La coqueluche est une toxi-infection très contagieuse due
au bacille de Bordet et Gengou (Bordetella pertussis) et
responsable d’une trachéo-bronchite peu ou non fébrile.
Cette maladie, exceptionnelle chez l’adulte depuis la vaccination, s’observe essentiellement chez le nourrisson avant
2 ans mais surtout avant 6 mois. Mais à cet âge, le tableau
clinique est rarement typique : simples accès de toux sèche,
quintes atypiques, vomissements et anorexie, et les complications en particulier respiratoires et neurologiques en font
toute la gravité (le risque de manifestations pulmonaires
graves semble même plus élevé lorsque l’hyperlymphocytose causée par cette infection est importante). Ainsi, dans
un tel contexte, les analyses biologiques sanguines ont un
grand intérêt diagnostique car elles évoquent le diagnostic
et conduisent à la réalisation d’examens de confirmation.

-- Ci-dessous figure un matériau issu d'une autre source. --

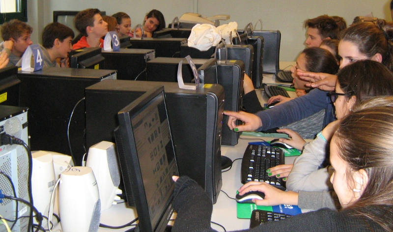 • Momento collettivo: interosservazione guidata della struttura del software, delle risorse a disposizione, delle operazioni base descritte nel dettaglio sui passaggi da eseguire. A disposizione anche una mini guida cartacea semplificata. Sono presenti due adulti facilitatori cui rivolgersi.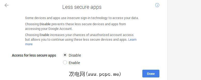 将其设置为“启用"将使隧道能够正常工作。鉴于此,它还会降低您Gmail帐户的安全性,因此请谨慎使用。为了方便起见,这里需要权衡安全性,因此您必须做出对您来说更重要的选择。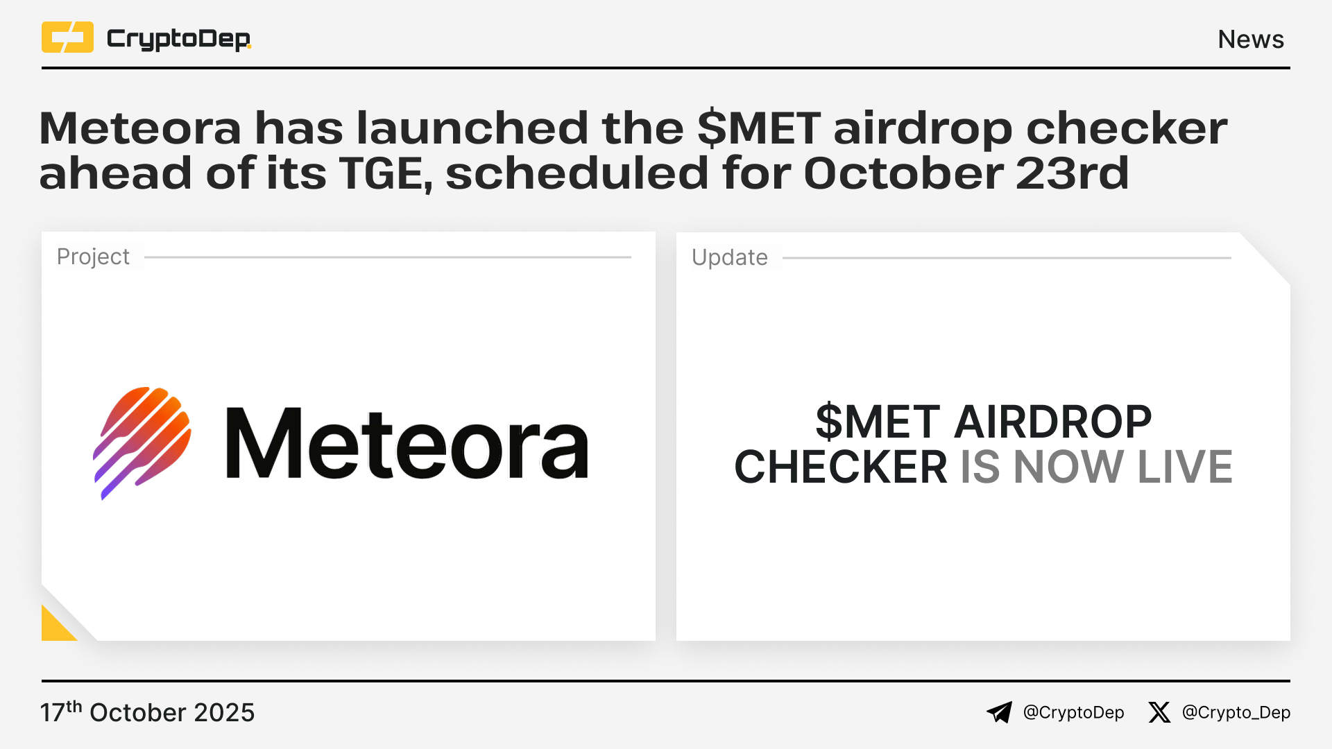 ​​Meteora has launched the $MET airdrop checker ahead of its TGE, scheduled for October 23rd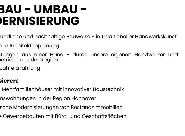 Nachfolgend genannte Leistungen werden im Rahmen des Modernisierungskonzeptes im Wert von 150.000 EUR von HANNOVER HAUS erbracht und sind im Festpreis schon enthalten: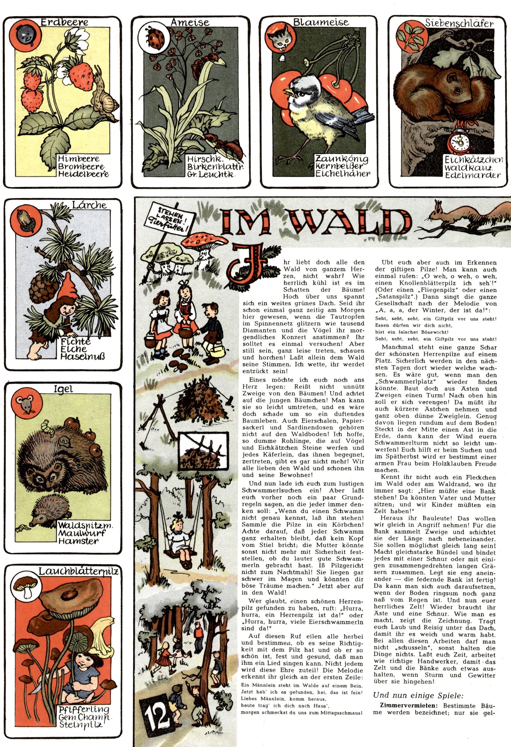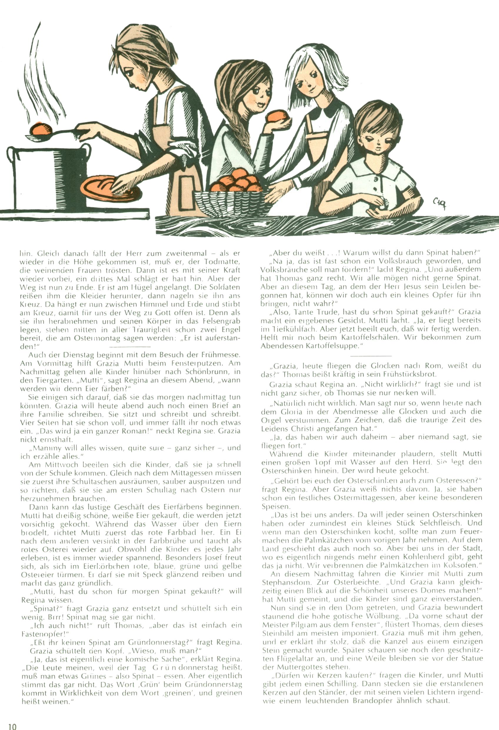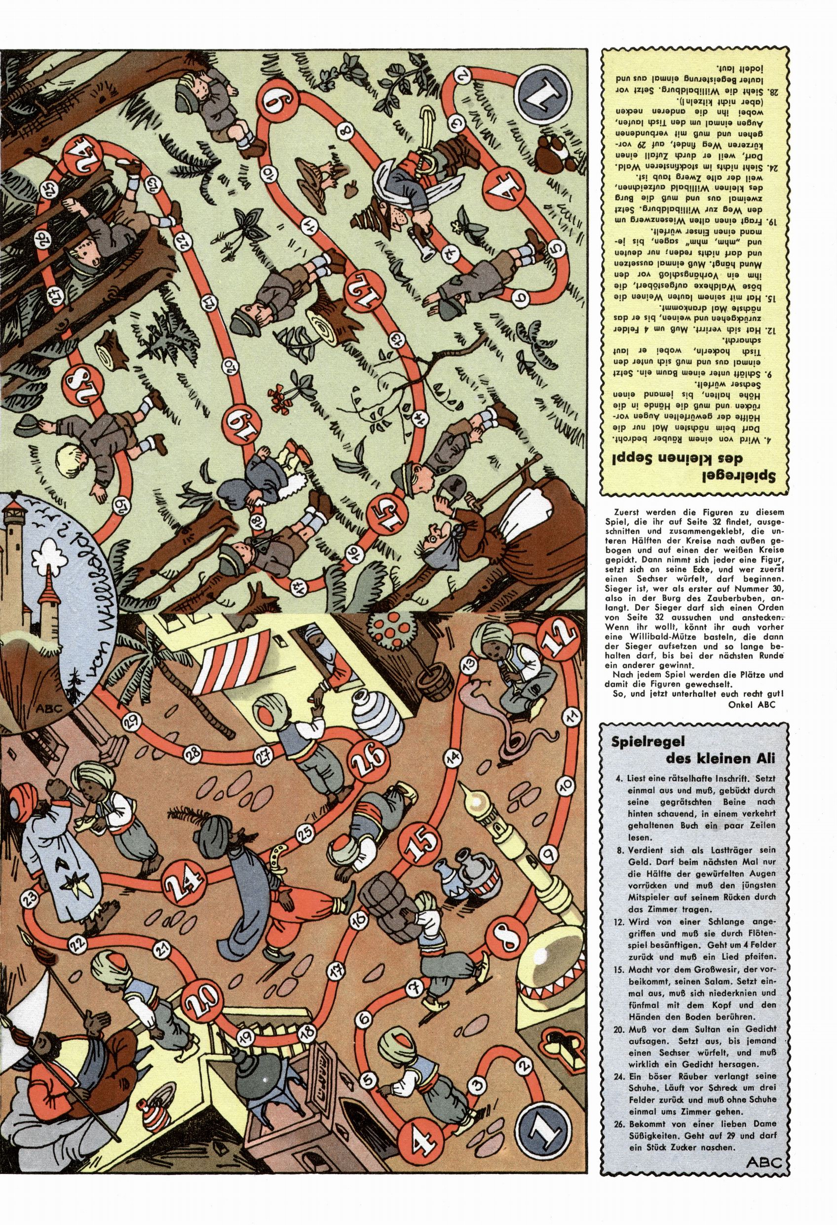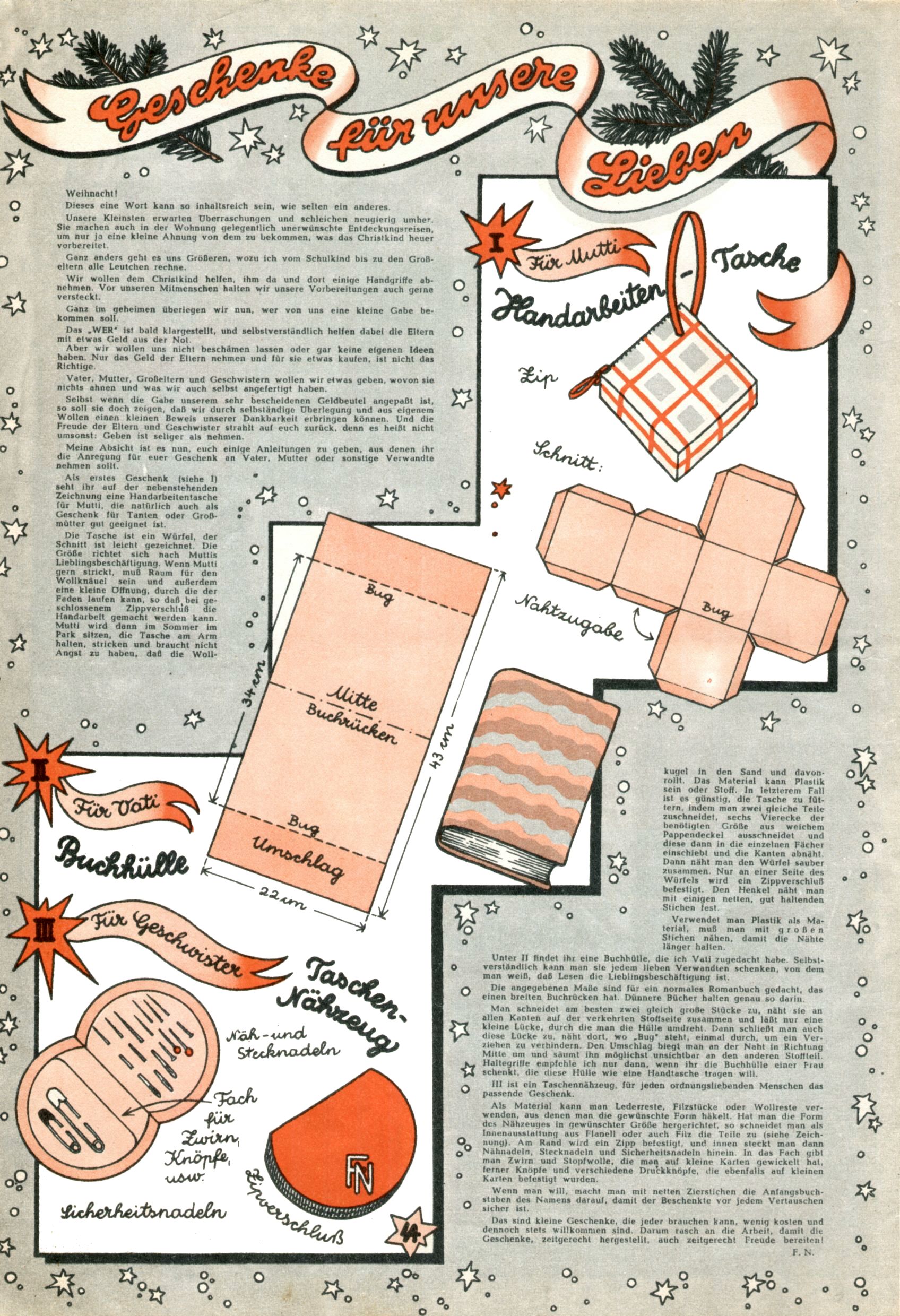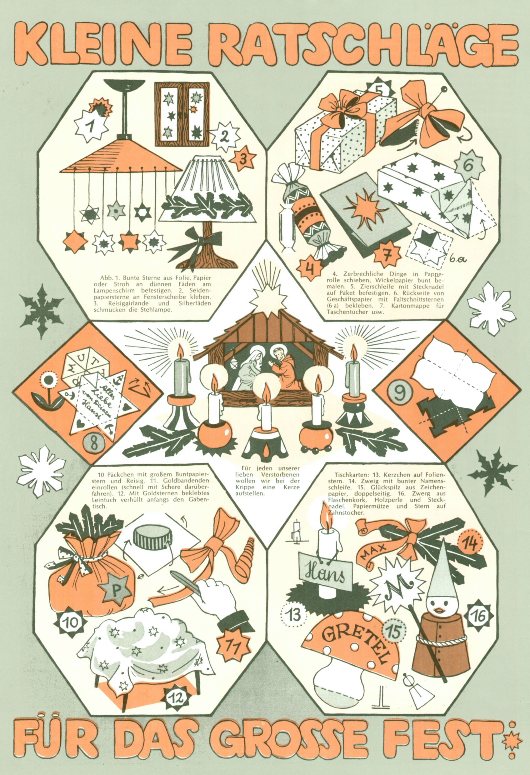 Die Wunderwelt im Festtagsgewand In den Sonderheften präsentierte sich die Wunderwelt wahrhaftig in Feiertagsstimmung. Mit wenigen Ausnahmen gab es pro Jahr drei Sonderhefte - zu Weihnachten bzw. im Advent, zu Ostern und in den Ferien im Sommer. Experimente mit Faschings- und Muttertagsheften hatten sich nicht bewährt. Selbst als es die Einzelhefte in der Krisensituation nach 1967 nicht mehr gab, wurde die Wunderwelt-Zeitung im Layout der Sonderhefte fortgesetzt: Zunächst mit 3 bis 5 und ab 1971 immerhin wieder mit 10-12 Heften pro Jahr. Die Weihnachts-, Oster- und Ferienhefte hatten naturgemäß verschiedene Schwerpunkte. Während im Sommer Spielen und Werken mit Material im Vordergrund stand, waren es zu Weihnachten Krippen und Adventhäuser; zu Ostern dann Erzählungen, Hasenstädte und Oster-Basteleien. Das bessere Papier der Sonderhefte erleichterte das Ausschneiden der insgesamt mehr als 1000 Papiermodelle erheblich. Die Sonderhefte waren vergleichsweise aufwändig gestaltet, aber auch ein wichtiges Zusatzgeschäft für die Zeitung. Die Kinder fieberten dem Erscheinungsdatum der jeweiligen Ausgabe nicht selten richtiggehend entgegen. Mit knapp 100 Seiten pro Jahr machten die Sonderhefte von der Menge her zwar nicht einmal ein Viertel aus, trugen aber zum Erscheinungsbild mindestens genauso viel bei wie die Standardhefte. Im Wesentlichen blieb das Layout der Sonderhefte über die Jahre hin unverändert. Mühselig wurde es, als man den Inhalt der Beiträge vorübergehend auf die Seiten gleichmäßig verteilte und die Kinder ermunterte, die Hefte in der Mitte zu zerschneiden. Die eine Hälfte enthielt dann etwa Erzählungen und Bastelvorschläge, der andere Teil der Zeitung Spielanleitungen. Zur übersichtlichkeit trugen diese Layoutversuche jedenfalls in keiner Weise bei und als besonderen Auswuchs gab es eine Zeitlang auf einer Seite oft mehrere Seitennummern, je nachdem, ob sich diese auf das Gesamtheft oder den herauszunehmenden und zu zerschneidenden Heftteil bezogen. Gegen Ende der 1950er Jahre kehrte man wieder zu einem ganzseitigen Layout zurück und Ideen wie ein Spiel-(Heft-im-)Heft gehörten der Vergangenheit an. In den Sonderheften experimentierte man dann noch ab Mitte der 1960er Jahre, als die Verkaufszahlen stark rückläufig waren, mit grundsätzlich neuen Darstellungsformen - weg vom Niedlich-Kitschigen und engagierte neue Grafikerinnen wie Gundi Groh und Hella Soyka. Den erhofften Erfolg brachte dies jedoch nicht mehr. |

Dès l’apparition des quintes de toux plus ou moins
caractéristiques, l’hémogramme met en évidence une
hyperleucocytose supérieure à 15,0 x 109/l, parfois d’aspect
leucémoïde (c’est-à-dire supérieure à 40,0 x 10 9/l) avec
une hyperlymphocytose dominante (60-90 %), une polynucléose traduisant une surinfection bactérienne.